2020-11-24 19:04:54 | 古今和歌集

きみがゆく こしのしらやま しらねども ゆきのまにまに あとはたづねむ

君が行く 越の白山 知らねども 雪のまにまに あとはたづねむ

 

藤原兼輔

 

 あなたが旅立つ越の国の白山を私は知らないですが、そこの雪がどのようであったとしても、後をついて尋ねて行きましょう。

 「まにまに」は漢字では「随に」で、「~に任せて」「~のままに」の意。「雪」は「行き」の掛詞になっていますので、ここではあなた様が行かれるそのままに、といった意味でしょうか。
 作者の藤原兼輔(ふじわら の かねすけ)は、藤原北家に属する公家・歌人で三十六歌仙の一人。古今集の四首を含め、56首が勅撰和歌集に入集している大家で、新古今和歌集採録の次の歌は百人一首(第27番)にも選ばれています。

 

みかのはら わきてながるる いずみがわ いつみきとてか こひしかるらむ

みかの原 わきて流るる 泉川 いつ見きとてか 恋しかるらむ


古今和歌集 0390

2020-11-23 19:16:06 | 古今和歌集

かつこえて わかれもゆくか あふさかは ひとだのめなる なにこそありけれ

かつ越えて 別れもゆくか 逢坂は 人だのめなる 名にこそありけれ

 

紀貫之

 

 出会うことの一方で越えて別れて行く地でもあるのだな、逢坂は。「逢う場所」と人があてにする名前の地であるのに。

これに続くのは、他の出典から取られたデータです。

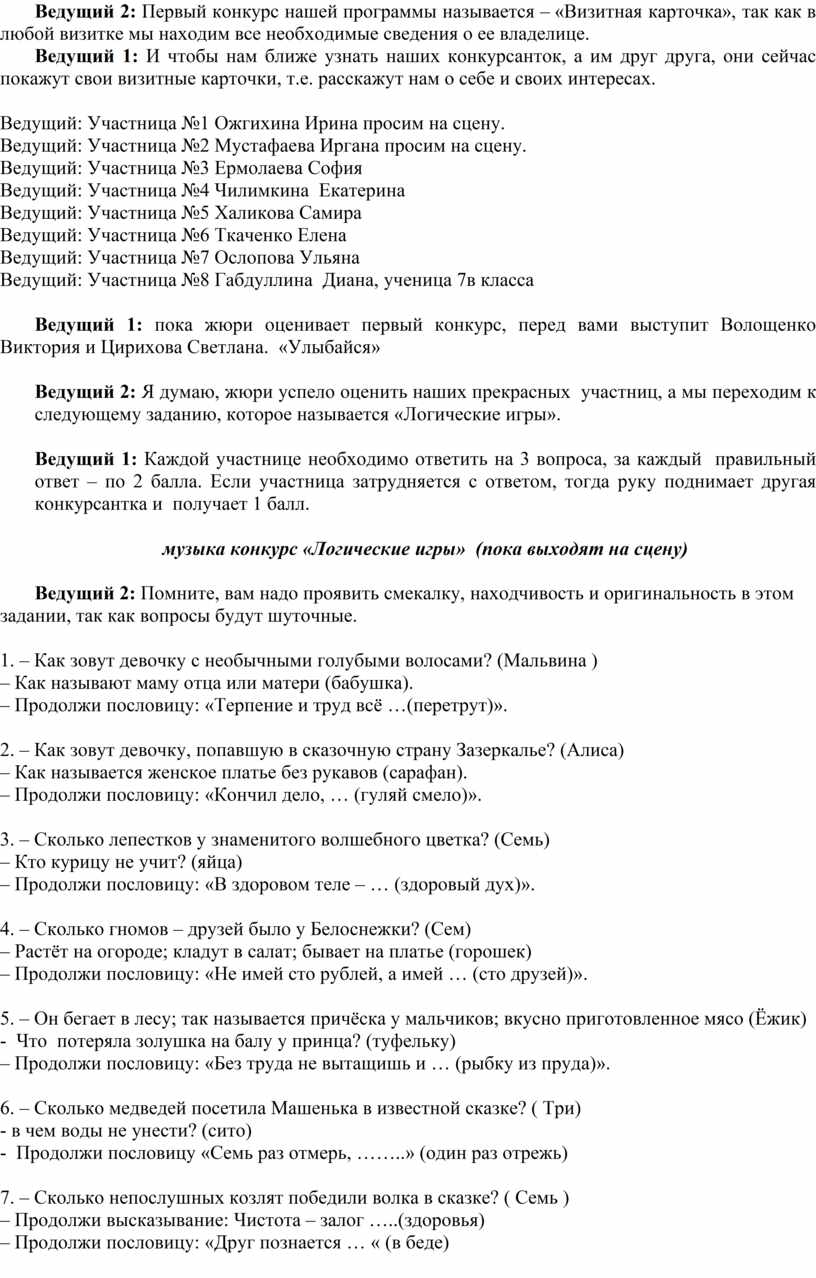 Сценарий конкурса

 「ひとだのめ」は「人頼め」で、人にあてにさせること。0374 と同じく、「逢坂」が地名の語感とはうらはらに別れの場所であることに恨み言を言うことで、惜別の情を表現しています。

 

 

 


古今和歌集 0389

2020-11-22 19:41:07 | 古今和歌集

したはれて きにしこころの みにしあれば かへるさまには みちもしられず

したはれて 来にし心の 身にしあれば 帰るさまには 道も知られず

 

藤原兼茂

 

 おのずと恋い慕ってしまう気持ちからここまでやって来たけれど、あなたと別れて帰る道々はあなたと共にい続ける心と帰る身体が離れてしまうので、帰り道もわからなくなってしまうのでしょう。

 歌意を不足なく表すには言葉がたくさん必要で、解釈文が長くなってしまいました。これまでもいくつか出てきた、別れによる心と身体の分離を詠んだ歌ですね。


古今和歌集 0388

2020-11-21 19:37:58 | 古今和歌集

ひとやりの みちならなくに おほかたは いきうしといひて いざかへりなむ

人やりの 道ならなくに おほかたは 行き憂しといひて いざ帰りなむ

 

源実

 

 人に遣わされての旅ではないのだから、普通であれば行くのが嫌だと言ってさあ帰ろうとなるのだけれど。

 一つ前の 0387 で別れの対象となったのがこの歌の作者源実(みなもと の さね)。別れに際しての男と遊女との歌のやりとりというシチュエーションですね。
 作者の源実は平安時代前期の貴族にして歌人。古今集への入集は、こちらもこの一首のみとなってます。